Exercise brief — Retype every entry below without pictures.

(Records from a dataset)
########################################

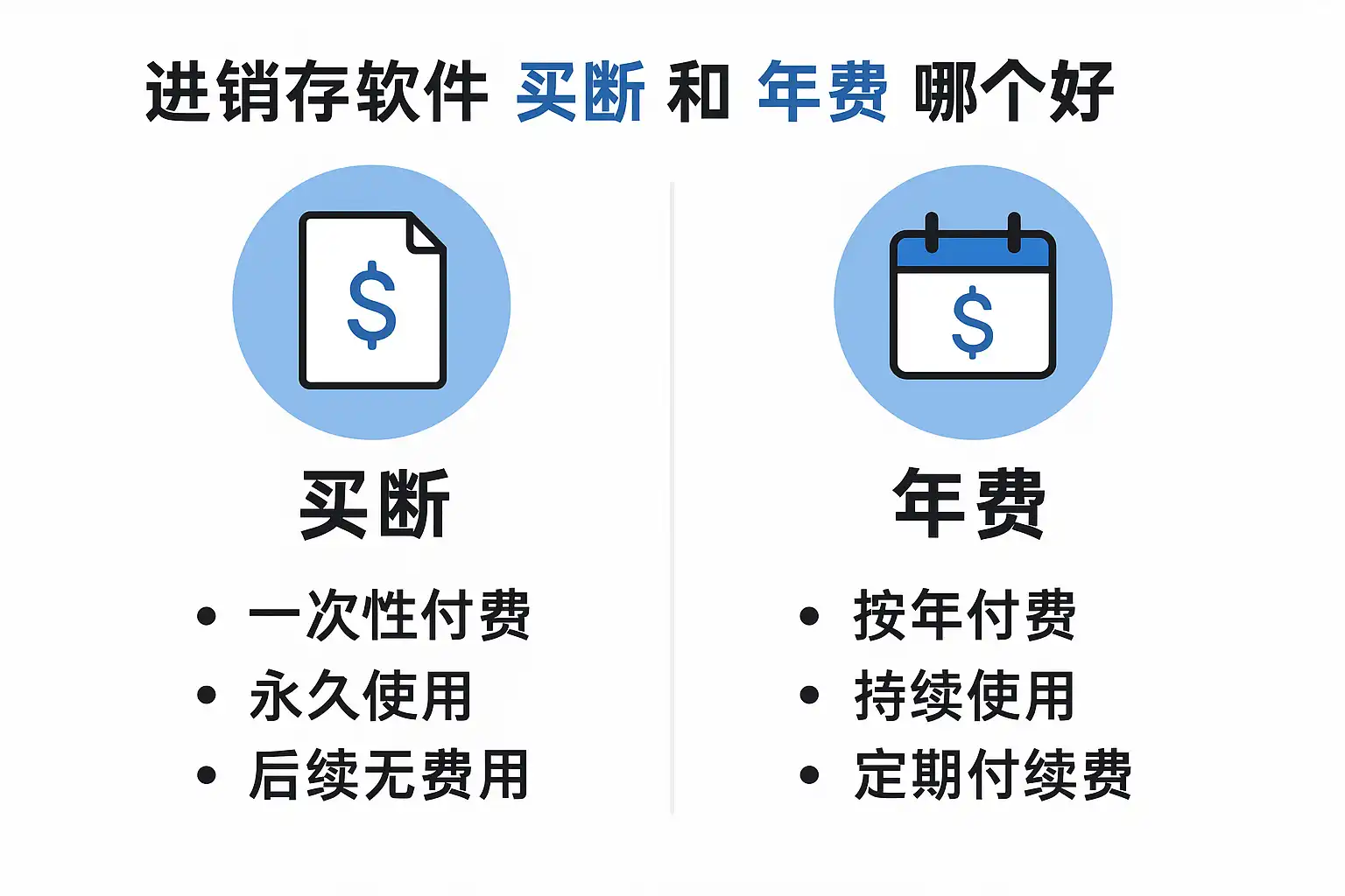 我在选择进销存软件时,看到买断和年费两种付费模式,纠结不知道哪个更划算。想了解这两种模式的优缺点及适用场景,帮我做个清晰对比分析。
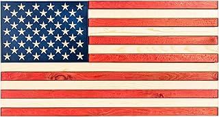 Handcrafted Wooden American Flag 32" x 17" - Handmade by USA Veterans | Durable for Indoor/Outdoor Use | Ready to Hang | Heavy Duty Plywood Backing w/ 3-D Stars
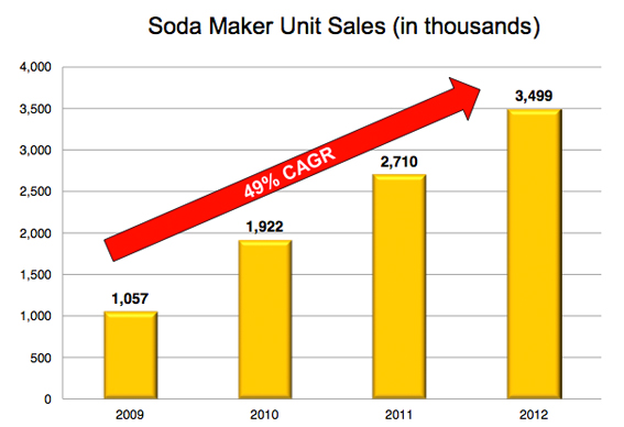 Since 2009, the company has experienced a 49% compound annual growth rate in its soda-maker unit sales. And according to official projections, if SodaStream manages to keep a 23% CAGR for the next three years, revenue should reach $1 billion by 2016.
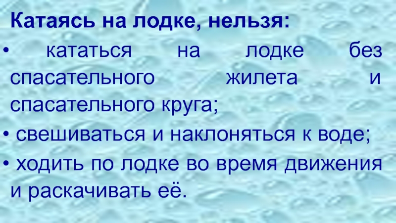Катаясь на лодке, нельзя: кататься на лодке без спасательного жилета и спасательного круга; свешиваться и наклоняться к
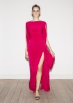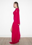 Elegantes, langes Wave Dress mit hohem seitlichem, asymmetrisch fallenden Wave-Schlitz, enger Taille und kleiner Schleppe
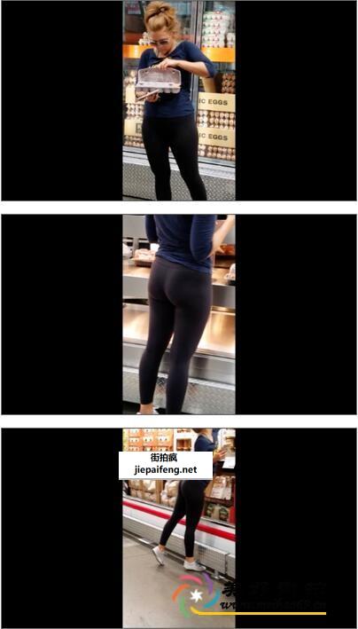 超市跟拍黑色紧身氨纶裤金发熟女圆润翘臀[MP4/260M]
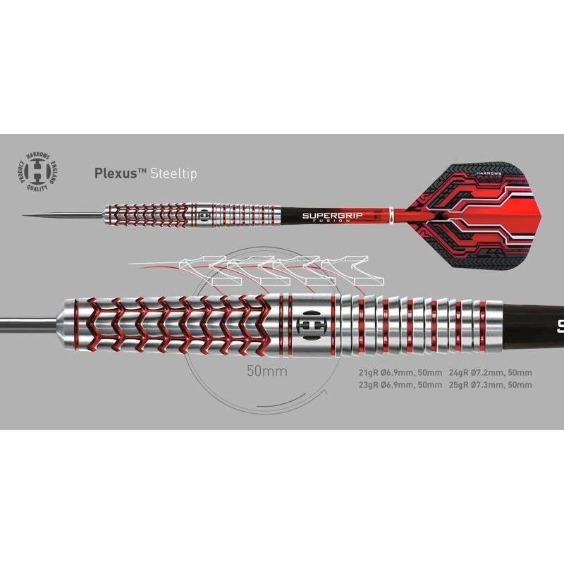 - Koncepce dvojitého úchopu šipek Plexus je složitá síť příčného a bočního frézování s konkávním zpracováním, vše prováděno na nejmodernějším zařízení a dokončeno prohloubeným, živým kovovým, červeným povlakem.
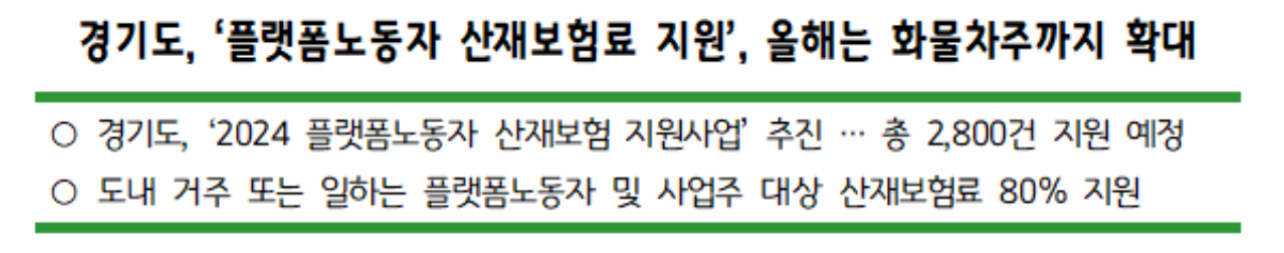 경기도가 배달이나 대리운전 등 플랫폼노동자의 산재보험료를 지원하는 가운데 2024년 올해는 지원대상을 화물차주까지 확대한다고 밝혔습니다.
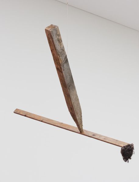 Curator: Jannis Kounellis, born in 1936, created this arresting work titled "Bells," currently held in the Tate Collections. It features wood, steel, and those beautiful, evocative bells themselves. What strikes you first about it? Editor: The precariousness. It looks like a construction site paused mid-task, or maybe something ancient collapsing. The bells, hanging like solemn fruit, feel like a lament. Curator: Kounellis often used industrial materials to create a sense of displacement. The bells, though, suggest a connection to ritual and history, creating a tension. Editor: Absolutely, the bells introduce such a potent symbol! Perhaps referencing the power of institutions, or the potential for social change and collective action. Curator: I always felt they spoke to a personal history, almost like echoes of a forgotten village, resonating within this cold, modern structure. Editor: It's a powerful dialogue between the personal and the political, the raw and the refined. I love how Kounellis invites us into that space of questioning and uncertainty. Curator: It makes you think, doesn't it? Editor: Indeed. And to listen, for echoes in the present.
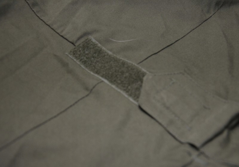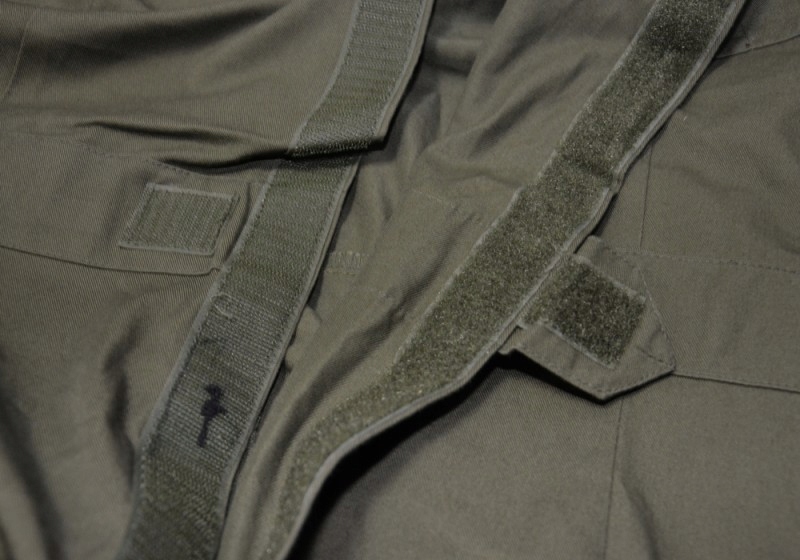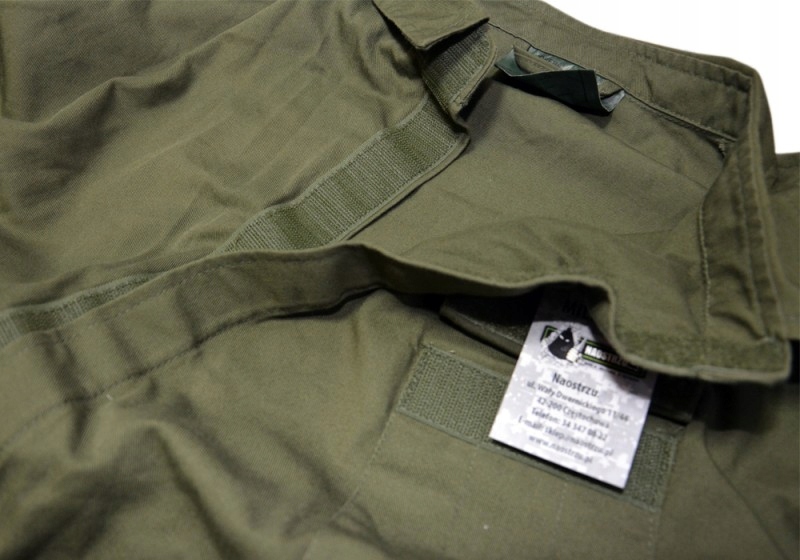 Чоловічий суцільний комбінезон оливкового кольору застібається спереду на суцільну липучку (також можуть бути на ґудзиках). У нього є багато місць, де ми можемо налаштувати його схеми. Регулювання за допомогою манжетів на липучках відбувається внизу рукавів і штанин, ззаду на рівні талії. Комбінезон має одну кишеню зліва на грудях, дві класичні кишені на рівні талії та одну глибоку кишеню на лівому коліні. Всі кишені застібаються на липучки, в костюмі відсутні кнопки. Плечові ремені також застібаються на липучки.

########################################

Task solution —
 我在选择进销存软件时,看到买断和年费两种付费模式,纠结不知道哪个更划算。想了解这两种模式的优缺点及适用场景,帮我做个清晰对比分析。
 Handcrafted Wooden American Flag 32" x 17" - Handmade by USA Veterans | Durable for Indoor/Outdoor Use | Ready to Hang | Heavy Duty Plywood Backing w/ 3-D Stars
 Since 2009, the company has experienced a 49% compound annual growth rate in its soda-maker unit sales. And according to official projections, if SodaStream manages to keep a 23% CAGR for the next three years, revenue should reach $1 billion by 2016.
Катаясь на лодке, нельзя: кататься на лодке без спасательного жилета и спасательного круга; свешиваться и наклоняться к
 Elegantes, langes Wave Dress mit hohem seitlichem, asymmetrisch fallenden Wave-Schlitz, enger Taille und kleiner Schleppe
 超市跟拍黑色紧身氨纶裤金发熟女圆润翘臀[MP4/260M]
 - Koncepce dvojitého úchopu šipek Plexus je složitá síť příčného a bočního frézování s konkávním zpracováním, vše prováděno na nejmodernějším zařízení a dokončeno prohloubeným, živým kovovým, červeným povlakem.
 경기도가 배달이나 대리운전 등 플랫폼노동자의 산재보험료를 지원하는 가운데 2024년 올해는 지원대상을 화물차주까지 확대한다고 밝혔습니다.
 Curator: Jannis Kounellis, born in 1936, created this arresting work titled "Bells," currently held in the Tate Collections. It features wood, steel, and those beautiful, evocative bells themselves. What strikes you first about it? Editor: The precariousness. It looks like a construction site paused mid-task, or maybe something ancient collapsing. The bells, hanging like solemn fruit, feel like a lament. Curator: Kounellis often used industrial materials to create a sense of displacement. The bells, though, suggest a connection to ritual and history, creating a tension. Editor: Absolutely, the bells introduce such a potent symbol! Perhaps referencing the power of institutions, or the potential for social change and collective action. Curator: I always felt they spoke to a personal history, almost like echoes of a forgotten village, resonating within this cold, modern structure. Editor: It's a powerful dialogue between the personal and the political, the raw and the refined. I love how Kounellis invites us into that space of questioning and uncertainty. Curator: It makes you think, doesn't it? Editor: Indeed. And to listen, for echoes in the present.
 Чоловічий суцільний комбінезон оливкового кольору застібається спереду на суцільну липучку (також можуть бути на ґудзиках). У нього є багато місць, де ми можемо налаштувати його схеми. Регулювання за допомогою манжетів на липучках відбувається внизу рукавів і штанин, ззаду на рівні талії. Комбінезон має одну кишеню зліва на грудях, дві класичні кишені на рівні талії та одну глибоку кишеню на лівому коліні. Всі кишені застібаються на липучки, в костюмі відсутні кнопки. Плечові ремені також застібаються на липучки.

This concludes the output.